-- RECORDS SHOWN follows --

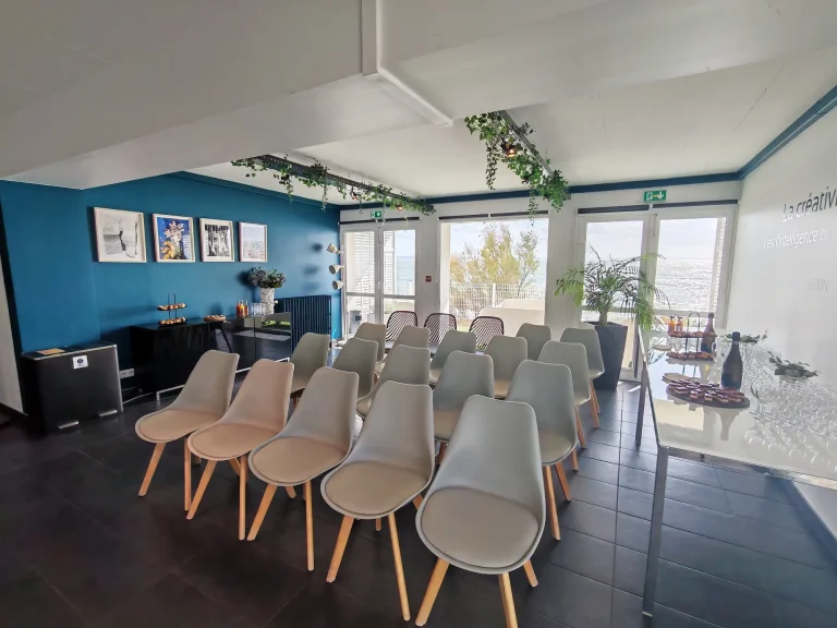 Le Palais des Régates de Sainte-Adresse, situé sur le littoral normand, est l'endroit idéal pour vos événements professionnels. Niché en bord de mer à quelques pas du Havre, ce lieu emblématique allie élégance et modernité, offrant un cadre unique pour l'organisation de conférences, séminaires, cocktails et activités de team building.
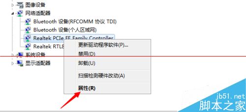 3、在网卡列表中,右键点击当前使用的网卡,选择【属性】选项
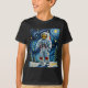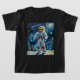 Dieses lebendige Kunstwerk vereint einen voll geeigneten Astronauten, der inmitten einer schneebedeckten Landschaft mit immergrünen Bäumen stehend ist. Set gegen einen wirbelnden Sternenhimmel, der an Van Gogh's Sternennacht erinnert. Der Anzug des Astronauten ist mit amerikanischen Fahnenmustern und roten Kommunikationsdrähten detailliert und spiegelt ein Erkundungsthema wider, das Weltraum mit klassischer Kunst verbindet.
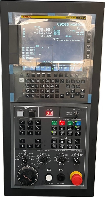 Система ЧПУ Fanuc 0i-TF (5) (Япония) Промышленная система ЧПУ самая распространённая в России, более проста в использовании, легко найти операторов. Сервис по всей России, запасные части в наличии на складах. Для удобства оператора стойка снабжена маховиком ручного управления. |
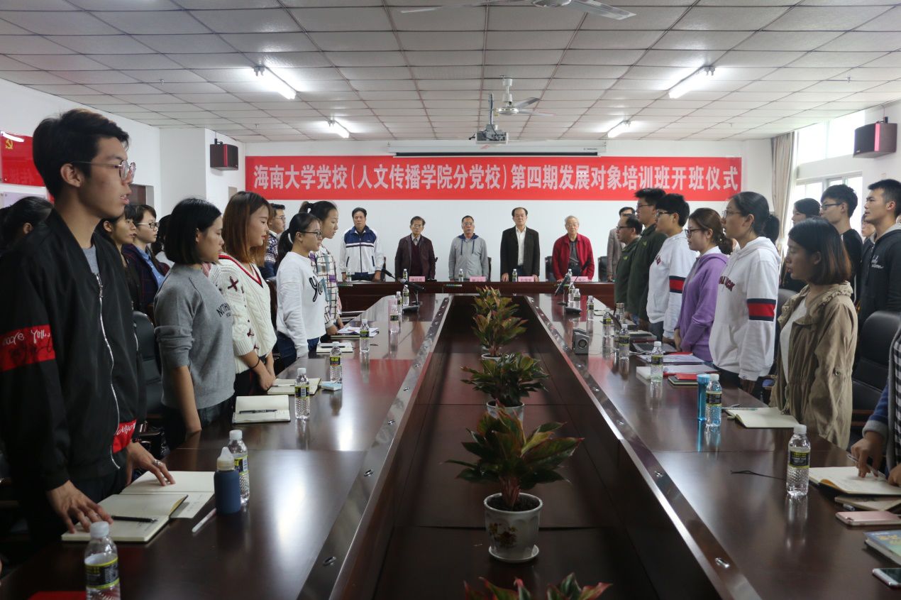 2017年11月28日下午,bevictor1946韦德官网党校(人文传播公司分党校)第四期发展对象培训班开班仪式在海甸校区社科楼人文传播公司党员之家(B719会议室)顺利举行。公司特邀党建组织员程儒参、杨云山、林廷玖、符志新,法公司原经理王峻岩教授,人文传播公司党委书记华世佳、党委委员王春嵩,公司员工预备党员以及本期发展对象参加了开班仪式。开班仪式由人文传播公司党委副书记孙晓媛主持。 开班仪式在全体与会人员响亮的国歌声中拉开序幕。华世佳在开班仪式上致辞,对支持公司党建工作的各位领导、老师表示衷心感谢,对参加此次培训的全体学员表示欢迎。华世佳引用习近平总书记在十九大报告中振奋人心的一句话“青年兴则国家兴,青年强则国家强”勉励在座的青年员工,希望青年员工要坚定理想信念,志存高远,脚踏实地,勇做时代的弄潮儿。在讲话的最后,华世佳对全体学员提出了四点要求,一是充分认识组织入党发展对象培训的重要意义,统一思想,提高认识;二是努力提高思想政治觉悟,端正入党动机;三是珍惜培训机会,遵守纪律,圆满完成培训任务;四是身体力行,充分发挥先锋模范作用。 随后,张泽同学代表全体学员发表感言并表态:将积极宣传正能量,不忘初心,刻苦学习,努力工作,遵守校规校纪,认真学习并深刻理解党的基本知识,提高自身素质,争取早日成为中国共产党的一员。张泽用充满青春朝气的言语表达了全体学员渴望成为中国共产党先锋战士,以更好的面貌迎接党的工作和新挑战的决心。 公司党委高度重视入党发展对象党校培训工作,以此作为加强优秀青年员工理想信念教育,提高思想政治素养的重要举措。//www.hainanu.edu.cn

-- RECORDS SHOWN concluded --

▶ [WHAT TO WORK ON]
Write out the lines beginning at the line with "Dieses lebendige Kunstwerk" and ending at the last line of the entries. Include no pictures.

▶ [RESPONSE BELOW]
 Dieses lebendige Kunstwerk vereint einen voll geeigneten Astronauten, der inmitten einer schneebedeckten Landschaft mit immergrünen Bäumen stehend ist. Set gegen einen wirbelnden Sternenhimmel, der an Van Gogh's Sternennacht erinnert. Der Anzug des Astronauten ist mit amerikanischen Fahnenmustern und roten Kommunikationsdrähten detailliert und spiegelt ein Erkundungsthema wider, das Weltraum mit klassischer Kunst verbindet.
 Система ЧПУ Fanuc 0i-TF (5) (Япония) Промышленная система ЧПУ самая распространённая в России, более проста в использовании, легко найти операторов. Сервис по всей России, запасные части в наличии на складах. Для удобства оператора стойка снабжена маховиком ручного управления. |
 2017年11月28日下午,bevictor1946韦德官网党校(人文传播公司分党校)第四期发展对象培训班开班仪式在海甸校区社科楼人文传播公司党员之家(B719会议室)顺利举行。公司特邀党建组织员程儒参、杨云山、林廷玖、符志新,法公司原经理王峻岩教授,人文传播公司党委书记华世佳、党委委员王春嵩,公司员工预备党员以及本期发展对象参加了开班仪式。开班仪式由人文传播公司党委副书记孙晓媛主持。 开班仪式在全体与会人员响亮的国歌声中拉开序幕。华世佳在开班仪式上致辞,对支持公司党建工作的各位领导、老师表示衷心感谢,对参加此次培训的全体学员表示欢迎。华世佳引用习近平总书记在十九大报告中振奋人心的一句话“青年兴则国家兴,青年强则国家强”勉励在座的青年员工,希望青年员工要坚定理想信念,志存高远,脚踏实地,勇做时代的弄潮儿。在讲话的最后,华世佳对全体学员提出了四点要求,一是充分认识组织入党发展对象培训的重要意义,统一思想,提高认识;二是努力提高思想政治觉悟,端正入党动机;三是珍惜培训机会,遵守纪律,圆满完成培训任务;四是身体力行,充分发挥先锋模范作用。 随后,张泽同学代表全体学员发表感言并表态:将积极宣传正能量,不忘初心,刻苦学习,努力工作,遵守校规校纪,认真学习并深刻理解党的基本知识,提高自身素质,争取早日成为中国共产党的一员。张泽用充满青春朝气的言语表达了全体学员渴望成为中国共产党先锋战士,以更好的面貌迎接党的工作和新挑战的决心。 公司党委高度重视入党发展对象党校培训工作,以此作为加强优秀青年员工理想信念教育,提高思想政治素养的重要举措。//www.hainanu.edu.cn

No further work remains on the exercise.